• Task to complete: The records below are to be written out exactly, with every picture omitted.

=== Data shown ===

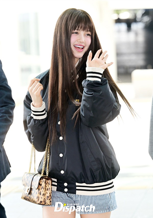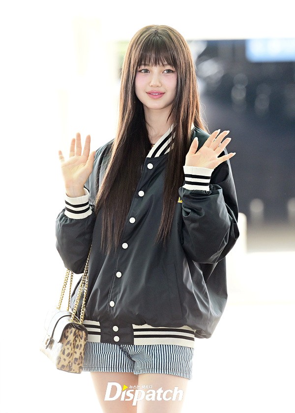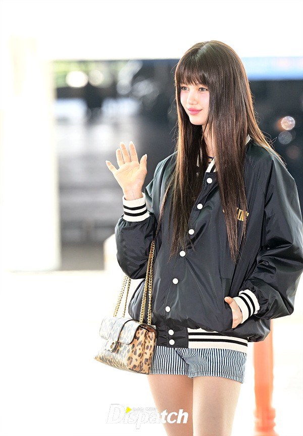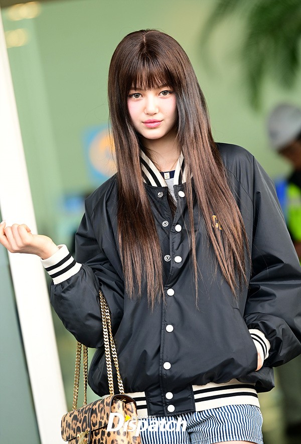 다니엘은 야구재킷과 핫팬츠로 상큼한 공항패션을 완성했다. 요정같은 비주얼과 상큼한 미소가 돋보였다.
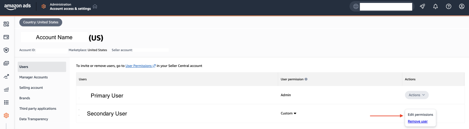 如果使用次要用户的电子邮件地址,则必须由卖家中心账户的主要用户来设置权限。请注意,建议在使用次要用户的电子邮件地址在Helium 10的连接页面上连接PPC令牌之前配置好这些权限。此外,您必须在所有希望为该次要用户授予广告权限的广告账户上完成此过程,因为这些将是导入Helium 10广告平台的所有账户。
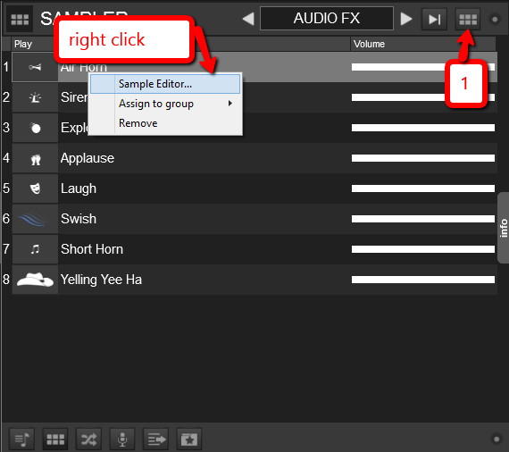 The sampler is now built into the sidelist (next to your filelist).
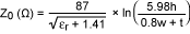 式中,εr為電介質(zhì)的介電常數(shù),h為引線距離地層的高度,w為引線寬度,t為引線厚度(圖7)。w/h介于0.1至2.0、εr介于1至15之間時(shí),該公式的計(jì)算結(jié)果相當(dāng)準(zhǔn)確。
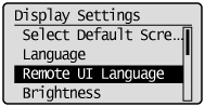Select <Language> or <Remote UI Language> using [] or [] and press [OK].
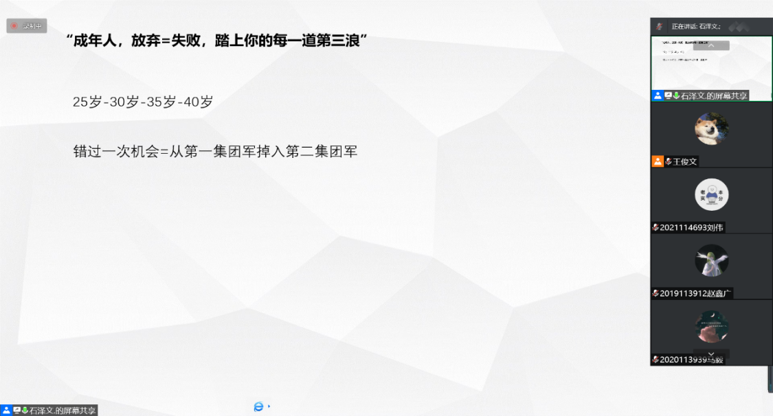 最后是线上答疑环节,同学们在听完石学长的分享后进行了积极的提问,学长根据自己的经验,耐心地答疑解惑。
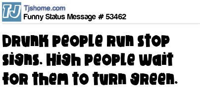 - # 68318 Drunk people run stop signs, high people wait for them to turn green.
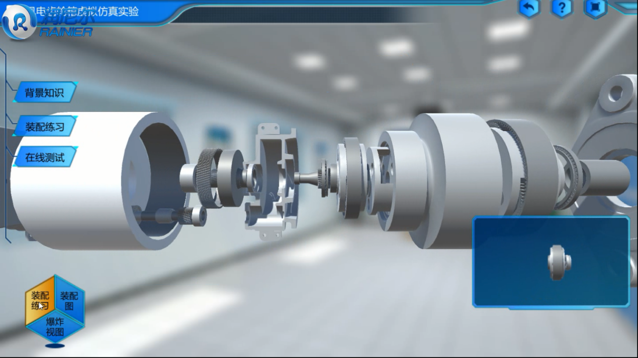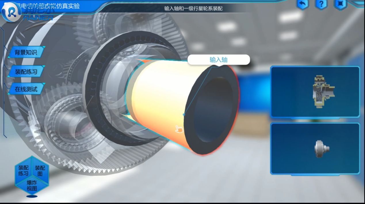 裝配練習可以對每一個零部件進行認識、識別,并且全方位觀察形狀并進行安裝操作的模擬觀察。
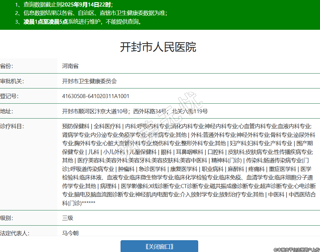 省份:河南省審批機(jī)關(guān):開封市衛(wèi)生健康委員會(huì)登記號(hào):41630508-641020311A1001地址:開封市順河區(qū)汴京大道10號(hào);西外環(huán)路34號(hào);北關(guān)六街119號(hào)診療科目:預(yù)防保健科 | 全科醫(yī)療科 | 內(nèi)科;呼吸內(nèi)科專業(yè);消化內(nèi)科專業(yè);神經(jīng)內(nèi)科專業(yè);心血管內(nèi)科專業(yè);血液內(nèi)科專業(yè);腎病學(xué)專業(yè);內(nèi)分泌專業(yè);免疫學(xué)專業(yè);老年病專業(yè);其他 | 外科;普通外科專業(yè);神經(jīng)外科專業(yè);骨科專業(yè);泌尿外科專業(yè);胸外科專業(yè);心臟大血管外科專業(yè);燒傷科專業(yè);整形外科專業(yè);其他 | 婦產(chǎn)科;婦科專業(yè);產(chǎn)科專業(yè) | 圍產(chǎn)期保健專業(yè) | 兒科 | 小兒外科 | 兒童保健科 | 眼科 | 耳鼻咽喉科 | 口腔科 | 皮膚科;皮膚病專業(yè);性傳播疾病專業(yè);其他 | 醫(yī)療美容科;美容外科;美容牙科;美容皮膚科;美容中醫(yī)科 | 精神科(門診) | 傳染科;腸道傳染病專業(yè)(門診);呼吸道傳染病專業(yè) | 腫瘤科 | 急診醫(yī)學(xué)科 | 康復(fù)醫(yī)學(xué)科 | 職業(yè)病科 | 麻醉科 | 疼痛科 | 重癥醫(yī)學(xué)科 | 醫(yī)學(xué)檢驗(yàn)科;臨床體液、血液專業(yè);臨床微生物學(xué)專業(yè);臨床化學(xué)檢驗(yàn)專業(yè);臨床免疫、血清學(xué)專業(yè);臨床細(xì)胞分子遺傳學(xué)專業(yè);其他 | 病理科 | 醫(yī)學(xué)影像科;X線診斷專業(yè);CT診斷專業(yè);磁共振成像診斷專業(yè);超聲診斷專業(yè);心電診斷專業(yè);腦電及腦血流圖診斷專業(yè);神經(jīng)肌肉電圖專業(yè);介入放射學(xué)專業(yè);放射治療專業(yè);其他 | 中醫(yī)科 | 中西醫(yī)結(jié)合科(門診)******級(jí)別:三級(jí)法定代表人:馬今朝主要負(fù)責(zé)人:***執(zhí)業(yè)許可證有效期:2024/12/23 -至- 2033/04/07 -

===

• Response area:
 다니엘은 야구재킷과 핫팬츠로 상큼한 공항패션을 완성했다. 요정같은 비주얼과 상큼한 미소가 돋보였다.
 如果使用次要用户的电子邮件地址,则必须由卖家中心账户的主要用户来设置权限。请注意,建议在使用次要用户的电子邮件地址在Helium 10的连接页面上连接PPC令牌之前配置好这些权限。此外,您必须在所有希望为该次要用户授予广告权限的广告账户上完成此过程,因为这些将是导入Helium 10广告平台的所有账户。
 The sampler is now built into the sidelist (next to your filelist).
 式中,εr為電介質(zhì)的介電常數(shù),h為引線距離地層的高度,w為引線寬度,t為引線厚度(圖7)。w/h介于0.1至2.0、εr介于1至15之間時(shí),該公式的計(jì)算結(jié)果相當(dāng)準(zhǔn)確。
Select <Language> or <Remote UI Language> using [] or [] and press [OK].
 最后是线上答疑环节,同学们在听完石学长的分享后进行了积极的提问,学长根据自己的经验,耐心地答疑解惑。
 - # 68318 Drunk people run stop signs, high people wait for them to turn green.
 裝配練習可以對每一個零部件進行認識、識別,并且全方位觀察形狀并進行安裝操作的模擬觀察。
 省份:河南省審批機(jī)關(guān):開封市衛(wèi)生健康委員會(huì)登記號(hào):41630508-641020311A1001地址:開封市順河區(qū)汴京大道10號(hào);西外環(huán)路34號(hào);北關(guān)六街119號(hào)診療科目:預(yù)防保健科 | 全科醫(yī)療科 | 內(nèi)科;呼吸內(nèi)科專業(yè);消化內(nèi)科專業(yè);神經(jīng)內(nèi)科專業(yè);心血管內(nèi)科專業(yè);血液內(nèi)科專業(yè);腎病學(xué)專業(yè);內(nèi)分泌專業(yè);免疫學(xué)專業(yè);老年病專業(yè);其他 | 外科;普通外科專業(yè);神經(jīng)外科專業(yè);骨科專業(yè);泌尿外科專業(yè);胸外科專業(yè);心臟大血管外科專業(yè);燒傷科專業(yè);整形外科專業(yè);其他 | 婦產(chǎn)科;婦科專業(yè);產(chǎn)科專業(yè) | 圍產(chǎn)期保健專業(yè) | 兒科 | 小兒外科 | 兒童保健科 | 眼科 | 耳鼻咽喉科 | 口腔科 | 皮膚科;皮膚病專業(yè);性傳播疾病專業(yè);其他 | 醫(yī)療美容科;美容外科;美容牙科;美容皮膚科;美容中醫(yī)科 | 精神科(門診) | 傳染科;腸道傳染病專業(yè)(門診);呼吸道傳染病專業(yè) | 腫瘤科 | 急診醫(yī)學(xué)科 | 康復(fù)醫(yī)學(xué)科 | 職業(yè)病科 | 麻醉科 | 疼痛科 | 重癥醫(yī)學(xué)科 | 醫(yī)學(xué)檢驗(yàn)科;臨床體液、血液專業(yè);臨床微生物學(xué)專業(yè);臨床化學(xué)檢驗(yàn)專業(yè);臨床免疫、血清學(xué)專業(yè);臨床細(xì)胞分子遺傳學(xué)專業(yè);其他 | 病理科 | 醫(yī)學(xué)影像科;X線診斷專業(yè);CT診斷專業(yè);磁共振成像診斷專業(yè);超聲診斷專業(yè);心電診斷專業(yè);腦電及腦血流圖診斷專業(yè);神經(jīng)肌肉電圖專業(yè);介入放射學(xué)專業(yè);放射治療專業(yè);其他 | 中醫(yī)科 | 中西醫(yī)結(jié)合科(門診)******級(jí)別:三級(jí)法定代表人:馬今朝主要負(fù)責(zé)人:***執(zhí)業(yè)許可證有效期:2024/12/23 -至- 2033/04/07 -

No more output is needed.